Электронная библиотека книг » Константин Федин » Горький среди нас » Текст книги (страница 2)
Горький среди нас
  • Текст добавлен: 26 июня 2025, 08:18

Текст книги "Горький среди нас"


Автор книги: Константин Федин



сообщить о нарушении

Текущая страница: 2 (всего у книги 22 страниц)

– Ничего не стоят, – безжалостно сказал он.

Сумрачный, с больным лицом, покашливая, он пожимал всем руки и разглядывал исподлобья обступившие его лица.

– А вы как здесь? – буркнул он мне.

Сели вокруг стола. Горький подождал – не заговорят ли, но все молчали.

Шел дневной час, низкое, серое небо, наползавшее на окна, готово было пролиться мокрым снегом. Тени в комнате ложились безразлично, как в сумерки.

Горький думал вызвать беседу, разговор, но увидел, что от него ждут речи или что-то вроде доклада. Все на него смотрели не отрываясь, точно на знаменитого лектора. Тогда он заговорил.

Голос его был глух, слова медленны, будто трудно было их произносить. Сказав короткую фразу, он присматривался к ней – верна ли она, и если она нравилась – повторял два-три последних слова.

– Необычайно важно теперь понять, что пролетариату принадлежит вся власть, что ему много дано и что с него много спросится.
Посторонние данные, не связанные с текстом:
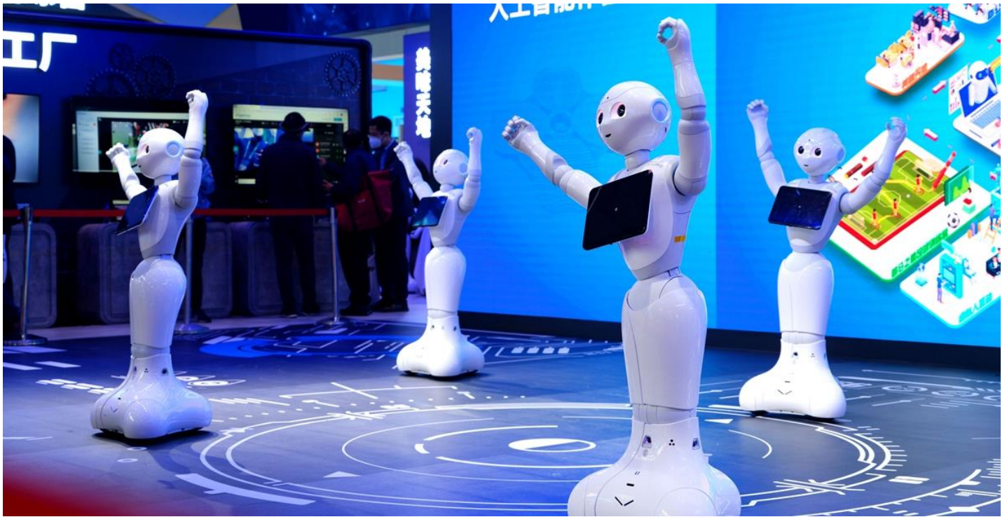
Slika 5: Roboti izvode plesnu tačku na petom CIIE, 2022

Весьма много. Теперь вы, пролетарские литераторы, обязаны отвечать не только перед одним пролетариатом, а перед всем народом. Ответственность возросла. Задачи появились новые и нелегкие. Нелегкие задачи, да-с...

Он постепенно расправлял плечи, как в работе, которая вначале делается неохотно, но понемногу втягивает, бередит работника. А Горький был зол на работу, у него в руках все горело. Он как будто вымещал: доклад желали послушать? Ну, и пеняйте на себя, слушайте!

– Ныне вам приходится обращаться не только к своему брату. Крестьянство ведь тоже права к революции предъявляет. И справедливо: у него есть своя доля в революции. Ваш язык должен быть понят и крестьянином. Если вы будете петь непонятные ему песни, он просто слушать не станет. Иные же ваши песни ему могут и не понравиться. Особенно если заладите про свою персону петь...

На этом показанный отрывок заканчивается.